◆ Task requirements: When you reach the line that holds "A 40 años del", start copying exactly and keep going through the final line of the data, leaving out pictures.

◆ Data entries:
***

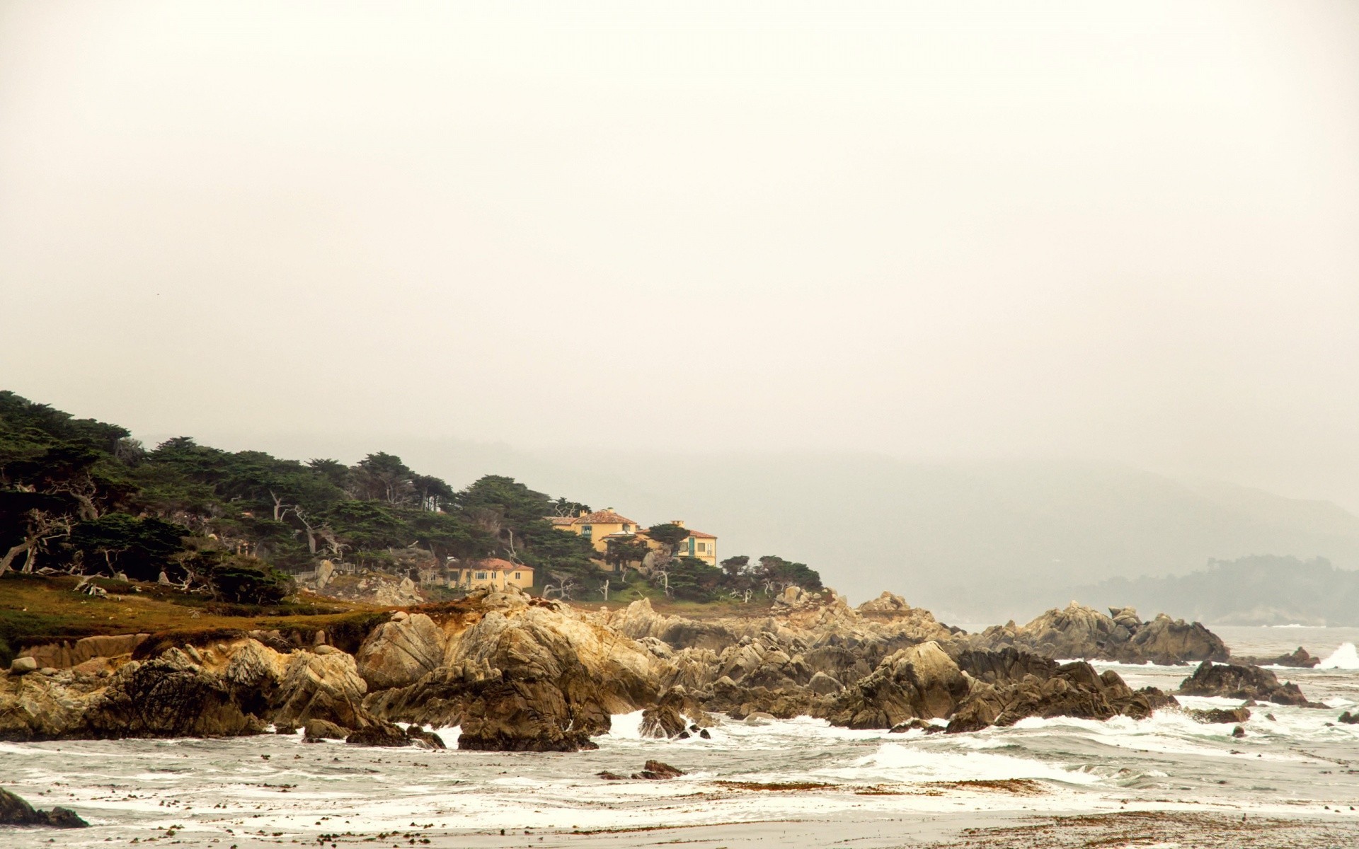 Czarno-białe góry w oddali i czas odpływu Oceanu widok z okna
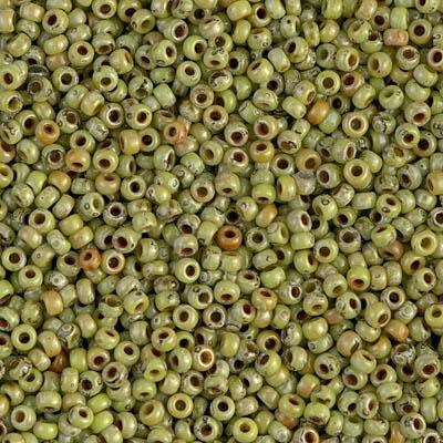 Miyuki 11 Round Seed Bead, 11-4515, Opaque Chartreuse Picasso, 13 grams
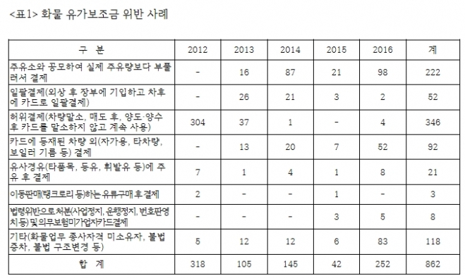 유형별로 보면 화물은 허위 결제(차량 말소, 매도 후, 양도·양수 후 카드를 말소하지 않고 계속 사용)가 가장 많은 346건이 발생했다. 이어 ▲주유소와 공모하여 실제 주유량보다 부풀려서 결제 222건 ▲카드에 등재된 차량 외(자가용, 타차량, 보일러 기름 등) 결제 92건 ▲일괄 결제(외상 후 장부에 기입하고 차후에 카드로 일괄 결제) 52건 등이다.
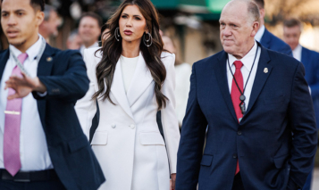 U.S. Secretary of Homeland Security (DHS) Kristi Noem, center, and Tom Homan, President Trump’s Border Czar, right, walk towards the West Wing of the White House in Washington, DC on January 29, 2025. Photo credit: Samuel Corum – Pool via CNP / MEGA
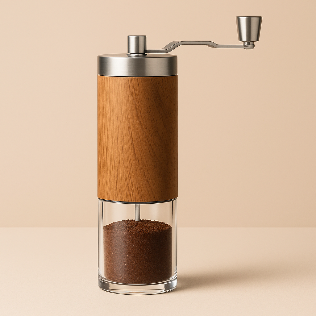 Vintage Handmatige Koffiemolen met Houtlook - Roestvrijstaal
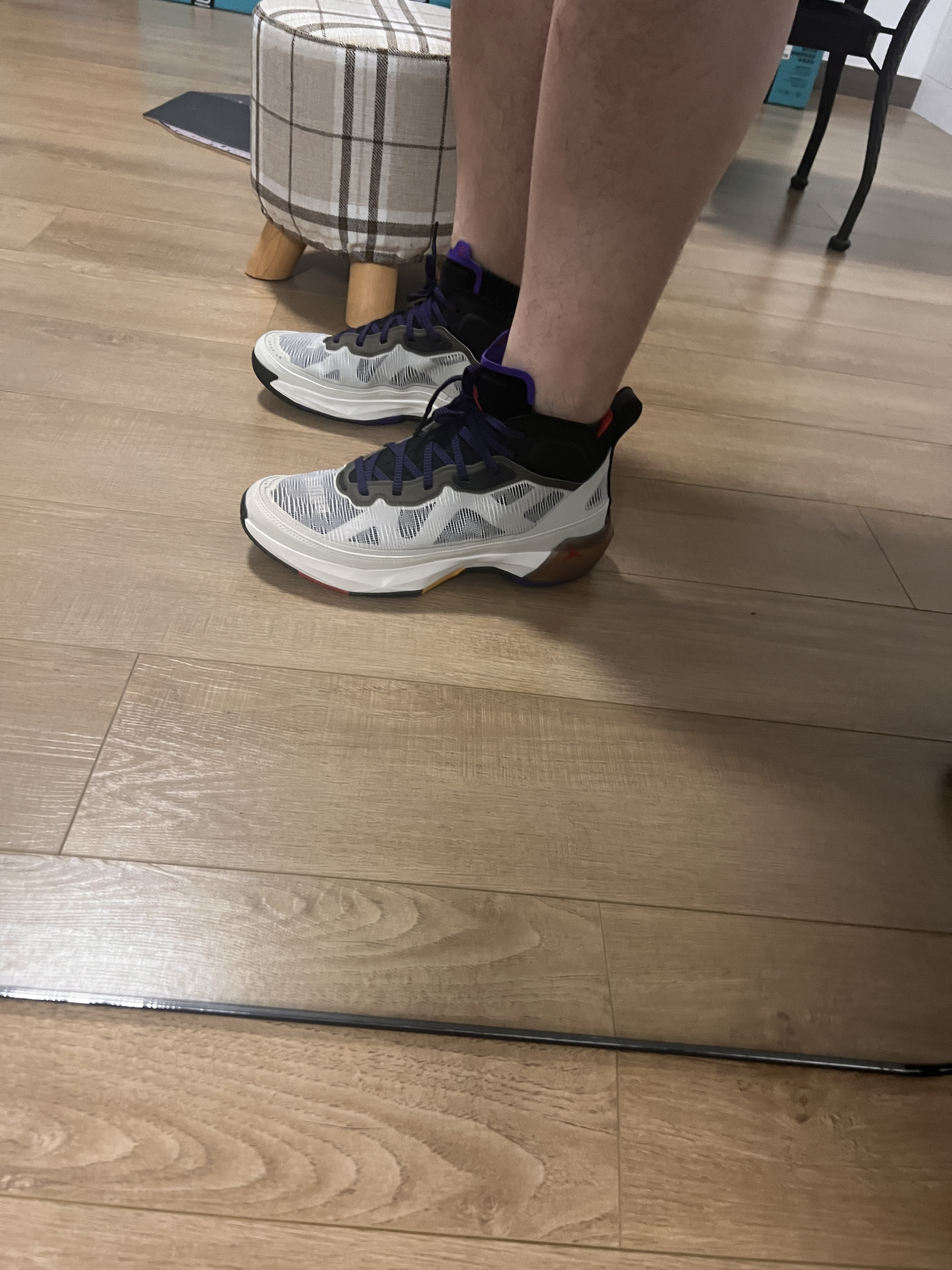 👟球鞋名称:aj37首发色 📌是否偏码【偏大/不偏码/偏小】:偏大 ⛹️性能打分(每项满分均为10): 包裹:7 缓震:10 抓地:7 耐磨:9 稳定:8 防侧翻:7 透气:10 重量:8 📖总结评价:国内版建议买小半码,推荐宽脚高脚背正常足弓的大体重选手。如果想要更好的包裹选择低帮版本。
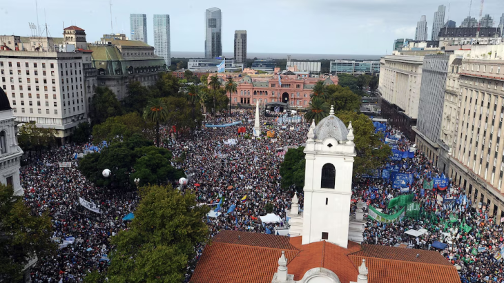 A 40 años del golpe de Estado de 1976, la Plaza de Mayo volvió a ser epicentro de una masiva movilización, pero con un mensaje que combinó la reivindicación histórica de los organismos de derechos humanos con duras críticas al rumbo político, económico e institucional del gobierno iniciado en diciembre de 2015.
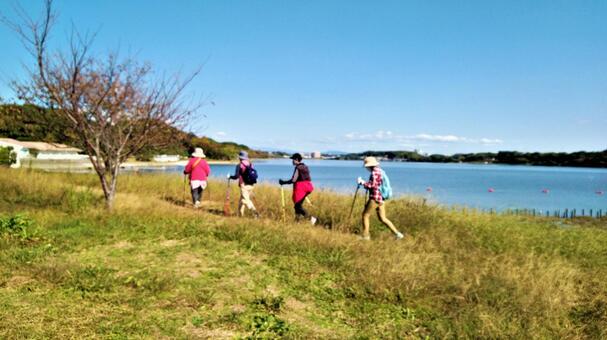 途中、正しいノルディックウォーキング方法をレクチャーします。顔面体操も実施します!

***

◆ Answer to this problem:
 A 40 años del golpe de Estado de 1976, la Plaza de Mayo volvió a ser epicentro de una masiva movilización, pero con un mensaje que combinó la reivindicación histórica de los organismos de derechos humanos con duras críticas al rumbo político, económico e institucional del gobierno iniciado en diciembre de 2015.
 途中、正しいノルディックウォーキング方法をレクチャーします。顔面体操も実施します!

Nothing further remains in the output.